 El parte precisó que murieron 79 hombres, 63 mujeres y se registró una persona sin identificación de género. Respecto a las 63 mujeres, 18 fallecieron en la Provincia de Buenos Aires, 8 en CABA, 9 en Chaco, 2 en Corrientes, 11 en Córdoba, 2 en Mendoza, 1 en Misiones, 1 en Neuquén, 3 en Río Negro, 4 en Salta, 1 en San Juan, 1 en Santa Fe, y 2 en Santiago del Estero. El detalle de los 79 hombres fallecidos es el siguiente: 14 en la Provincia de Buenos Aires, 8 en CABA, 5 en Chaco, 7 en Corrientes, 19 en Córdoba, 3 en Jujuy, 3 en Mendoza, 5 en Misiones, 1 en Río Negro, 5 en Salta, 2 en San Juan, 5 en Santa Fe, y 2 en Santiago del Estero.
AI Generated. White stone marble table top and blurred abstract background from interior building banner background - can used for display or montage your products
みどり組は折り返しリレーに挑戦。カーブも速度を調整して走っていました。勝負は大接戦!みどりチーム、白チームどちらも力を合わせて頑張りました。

= = = =

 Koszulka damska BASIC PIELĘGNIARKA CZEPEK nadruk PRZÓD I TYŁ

= = = =

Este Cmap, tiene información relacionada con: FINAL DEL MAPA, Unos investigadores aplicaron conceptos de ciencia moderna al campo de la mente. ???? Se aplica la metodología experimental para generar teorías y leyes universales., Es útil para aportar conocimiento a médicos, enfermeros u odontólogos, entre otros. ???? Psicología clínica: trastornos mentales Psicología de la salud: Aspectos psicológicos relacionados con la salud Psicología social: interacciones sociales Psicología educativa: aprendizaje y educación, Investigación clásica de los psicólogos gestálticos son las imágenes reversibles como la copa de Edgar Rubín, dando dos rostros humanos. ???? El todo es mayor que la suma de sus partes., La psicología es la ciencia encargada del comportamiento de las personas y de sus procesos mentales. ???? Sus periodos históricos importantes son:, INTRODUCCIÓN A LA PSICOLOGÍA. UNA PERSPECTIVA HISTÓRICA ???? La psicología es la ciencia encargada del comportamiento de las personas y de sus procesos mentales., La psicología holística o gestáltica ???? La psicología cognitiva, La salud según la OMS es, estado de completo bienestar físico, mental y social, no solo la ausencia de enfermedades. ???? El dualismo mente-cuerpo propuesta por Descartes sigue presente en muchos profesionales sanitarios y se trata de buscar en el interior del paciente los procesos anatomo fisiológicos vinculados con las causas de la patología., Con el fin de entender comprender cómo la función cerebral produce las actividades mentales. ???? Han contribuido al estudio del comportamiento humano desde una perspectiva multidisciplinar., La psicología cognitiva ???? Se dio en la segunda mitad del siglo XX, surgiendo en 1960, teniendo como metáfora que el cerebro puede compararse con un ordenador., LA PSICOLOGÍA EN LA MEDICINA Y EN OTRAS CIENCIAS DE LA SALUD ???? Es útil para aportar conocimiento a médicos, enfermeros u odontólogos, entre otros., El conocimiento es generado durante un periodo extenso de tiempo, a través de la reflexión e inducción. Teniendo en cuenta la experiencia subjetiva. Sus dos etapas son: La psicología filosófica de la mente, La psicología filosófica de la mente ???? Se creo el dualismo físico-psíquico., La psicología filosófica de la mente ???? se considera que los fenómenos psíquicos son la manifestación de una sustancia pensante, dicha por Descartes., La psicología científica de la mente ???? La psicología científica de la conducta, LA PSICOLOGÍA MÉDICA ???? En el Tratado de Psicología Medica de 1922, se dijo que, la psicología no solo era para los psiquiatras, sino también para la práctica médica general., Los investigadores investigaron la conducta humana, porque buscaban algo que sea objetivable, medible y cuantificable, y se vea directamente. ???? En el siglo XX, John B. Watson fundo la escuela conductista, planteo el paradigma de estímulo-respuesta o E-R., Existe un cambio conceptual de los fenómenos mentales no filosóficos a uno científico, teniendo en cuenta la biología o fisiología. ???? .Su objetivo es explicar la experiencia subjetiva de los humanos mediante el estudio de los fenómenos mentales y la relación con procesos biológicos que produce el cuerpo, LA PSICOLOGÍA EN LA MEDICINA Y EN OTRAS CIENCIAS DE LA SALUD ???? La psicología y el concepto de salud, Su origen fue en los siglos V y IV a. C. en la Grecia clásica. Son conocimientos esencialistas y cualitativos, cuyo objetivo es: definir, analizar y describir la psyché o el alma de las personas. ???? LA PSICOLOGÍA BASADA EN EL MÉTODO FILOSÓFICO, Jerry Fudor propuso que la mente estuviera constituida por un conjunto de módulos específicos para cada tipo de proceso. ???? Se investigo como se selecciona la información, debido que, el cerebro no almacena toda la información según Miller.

= = = =

▶ **WORK REQUIRED**
Please give back, exactly as it stands above, the stretch from the line with "AI Generated. White" through the line with "みどり組は折り返しリレーに挑", and no line outside it.

▶ **WRITTEN RESPONSE**
AI Generated. White stone marble table top and blurred abstract background from interior building banner background - can used for display or montage your products
みどり組は折り返しリレーに挑戦。カーブも速度を調整して走っていました。勝負は大接戦!みどりチーム、白チームどちらも力を合わせて頑張りました。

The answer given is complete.